* What this task involves: A verbatim copy is needed of the lines below from the one containing "Ajo granulado* \" up to and including the one containing "To verify if", excluding pictures.

* Task inputs:
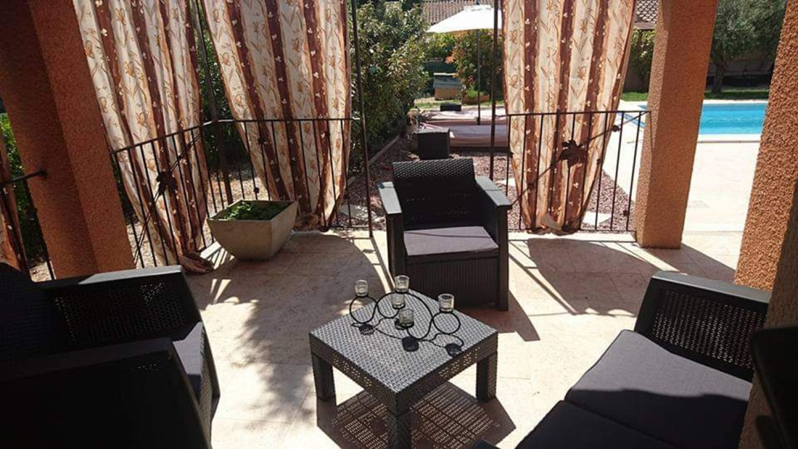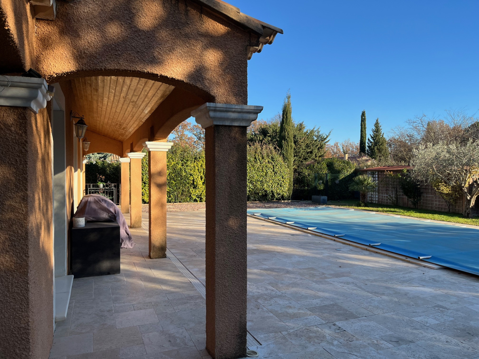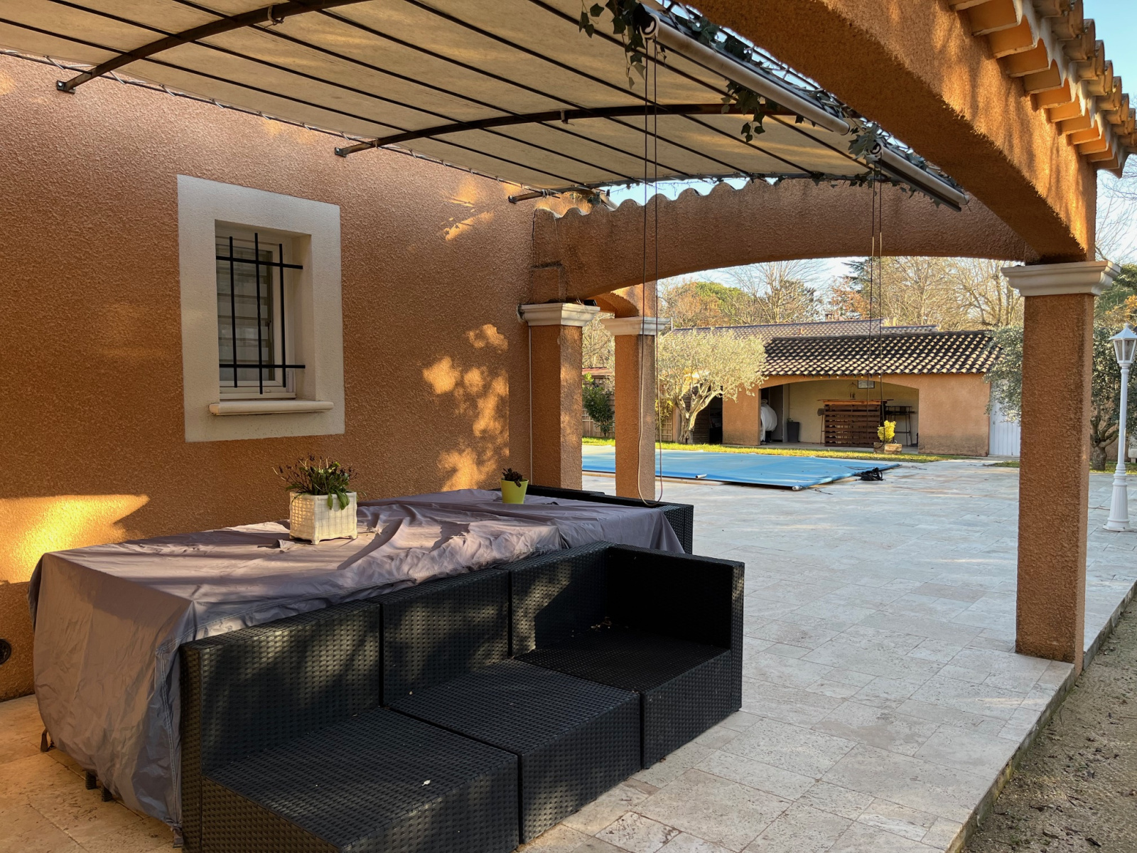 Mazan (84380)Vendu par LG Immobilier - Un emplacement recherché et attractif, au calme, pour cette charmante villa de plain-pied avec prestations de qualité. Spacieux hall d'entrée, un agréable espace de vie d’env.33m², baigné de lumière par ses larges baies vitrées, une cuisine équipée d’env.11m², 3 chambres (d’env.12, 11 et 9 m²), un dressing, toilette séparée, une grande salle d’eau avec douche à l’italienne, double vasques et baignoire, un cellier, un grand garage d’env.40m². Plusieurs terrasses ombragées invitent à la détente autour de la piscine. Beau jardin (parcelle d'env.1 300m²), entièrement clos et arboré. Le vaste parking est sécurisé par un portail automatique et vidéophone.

...

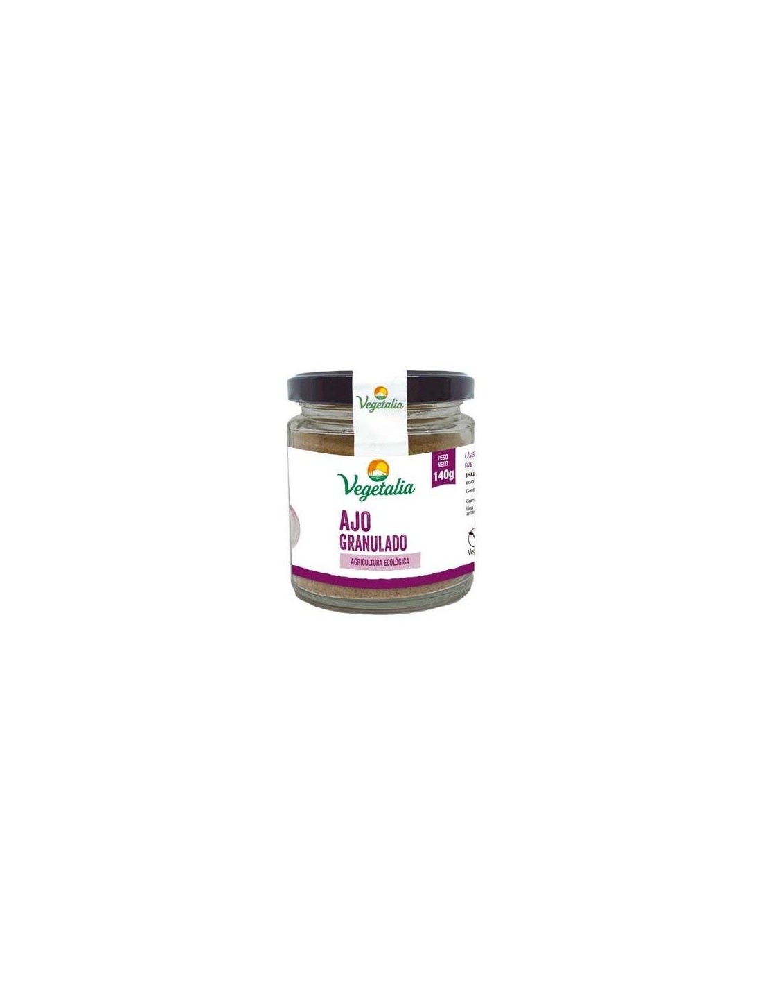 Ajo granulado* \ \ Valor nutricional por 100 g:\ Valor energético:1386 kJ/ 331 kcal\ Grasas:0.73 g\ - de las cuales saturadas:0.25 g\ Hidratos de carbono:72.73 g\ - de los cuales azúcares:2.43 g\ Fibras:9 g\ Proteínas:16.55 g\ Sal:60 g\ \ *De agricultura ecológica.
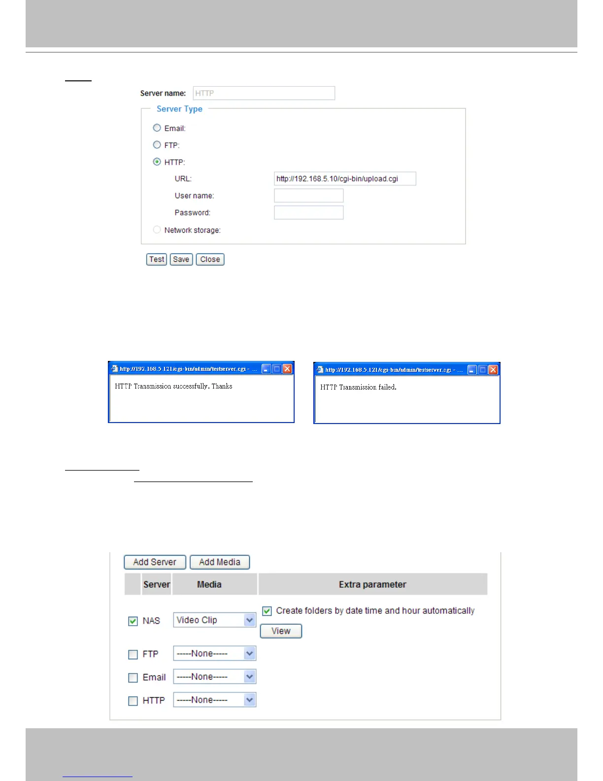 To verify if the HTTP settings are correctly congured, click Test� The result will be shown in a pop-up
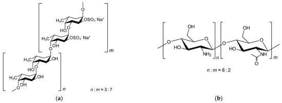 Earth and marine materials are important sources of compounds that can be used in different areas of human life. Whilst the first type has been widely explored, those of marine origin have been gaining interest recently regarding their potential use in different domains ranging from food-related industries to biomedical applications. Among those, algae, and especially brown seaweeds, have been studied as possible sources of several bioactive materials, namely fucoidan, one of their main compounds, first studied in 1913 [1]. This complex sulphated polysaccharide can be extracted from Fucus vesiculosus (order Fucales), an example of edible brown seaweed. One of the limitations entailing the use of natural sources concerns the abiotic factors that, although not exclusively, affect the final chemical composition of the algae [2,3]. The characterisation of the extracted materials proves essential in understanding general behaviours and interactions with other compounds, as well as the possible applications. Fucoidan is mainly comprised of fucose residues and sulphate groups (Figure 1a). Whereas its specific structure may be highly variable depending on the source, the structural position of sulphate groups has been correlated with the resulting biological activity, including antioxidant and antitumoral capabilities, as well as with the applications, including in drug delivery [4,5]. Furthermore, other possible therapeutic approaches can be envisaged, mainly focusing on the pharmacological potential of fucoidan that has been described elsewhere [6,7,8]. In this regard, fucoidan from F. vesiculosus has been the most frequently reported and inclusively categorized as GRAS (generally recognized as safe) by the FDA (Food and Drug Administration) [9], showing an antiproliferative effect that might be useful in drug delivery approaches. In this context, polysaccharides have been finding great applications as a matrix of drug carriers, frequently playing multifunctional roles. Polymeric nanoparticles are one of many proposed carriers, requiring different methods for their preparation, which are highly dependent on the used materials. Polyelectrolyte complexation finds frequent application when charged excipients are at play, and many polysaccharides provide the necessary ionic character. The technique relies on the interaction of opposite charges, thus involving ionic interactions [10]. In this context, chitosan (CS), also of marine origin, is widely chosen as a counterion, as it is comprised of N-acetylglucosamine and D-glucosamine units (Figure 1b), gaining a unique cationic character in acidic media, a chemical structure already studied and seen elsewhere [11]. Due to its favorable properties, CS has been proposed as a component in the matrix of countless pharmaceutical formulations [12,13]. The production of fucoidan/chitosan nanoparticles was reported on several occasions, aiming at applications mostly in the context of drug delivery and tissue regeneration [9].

---

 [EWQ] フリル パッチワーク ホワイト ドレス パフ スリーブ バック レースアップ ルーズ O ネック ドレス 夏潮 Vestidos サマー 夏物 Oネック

* Response to the exercise:
 Ajo granulado* \ \ Valor nutricional por 100 g:\ Valor energético:1386 kJ/ 331 kcal\ Grasas:0.73 g\ - de las cuales saturadas:0.25 g\ Hidratos de carbono:72.73 g\ - de los cuales azúcares:2.43 g\ Fibras:9 g\ Proteínas:16.55 g\ Sal:60 g\ \ *De agricultura ecológica.
 To verify if the HTTP settings are correctly congured, click Test� The result will be shown in a pop-up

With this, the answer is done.